Une fois le sort de la guerre entendue, l'horizontalité reprend ses droits dans les dernières pages, composées de vignettes larges, apaisées. Les épées retournent où elles étaient, les vaincus sont assignés à des postes divers, parfois ingrats. Des relations se renouent, d'autres semblent brisées à jamais, des personnages sont morts, d'autres séparés. Saturnyne observe ce théâtre avec morgue mais aussi une pointe d'insatisfaction (car elle n'a pas obtenu ce qu'elle convoitait).

Tout est bouclé. Rien n'est bouclé. Car tout cela va laisser des traces, profondes, et à cet effet, un teaser a déjà été communiqué pour annoncer le nouveau mouvement de la franchise "X". Fini Dawn of X, place à :



Reign of X ! On sait déjà que des auteurs vont partir (Ed Brisson), d'autres arriver (Vita Ayala qui reprend New Mutants, Si Spurrier).

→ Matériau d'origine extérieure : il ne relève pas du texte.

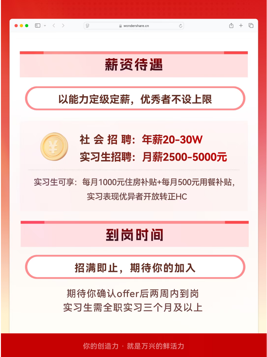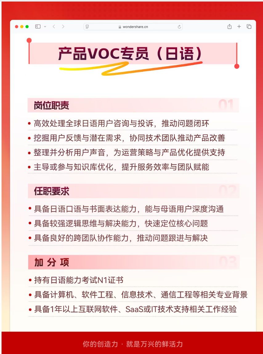 📢小兴带着“急招情报”走来啦!本期“抢人最快”、Offer率超高的岗位是——产品VOC专员!🔥 为什么说这是一趟“Offer直通车”?1️⃣ HC充足,流程高速,就等对的你上车!2️⃣ 节奏完美,年前投递、年后入职,无缝开启新程!3️⃣ 岗位稀缺,既懂用户、又懂数据、还能推动产品体验升级的复合型人才,正是团队急需的核心力量!抓紧两步走:1️⃣ 立即投递,抢占高Offer率席位2️⃣ 转发给身边合适的产品伙伴👏小兴在兴家等你,一起把用户心声,变成产品掌声!

Un titre comme Cable semble être annulé car son héros intègre S.W.O.R.D. de Al Ewing et Valerio Schiti. On peut reconnaître sur cette image des figures familières, dans l'ombre ou au premier plan, et l'editor Jordan White a prévenu qu'il y aurait des mouvements de personnages d'un titre à l'autre, des évolutions à surveiller (Kid Omega, Tornade). Bigre ! Cela voudrait donc dire qu'un event va vraiment avoir des répercussions tangibles... En somme : les mutants continuent de bouger. Ils continuent donc de muter.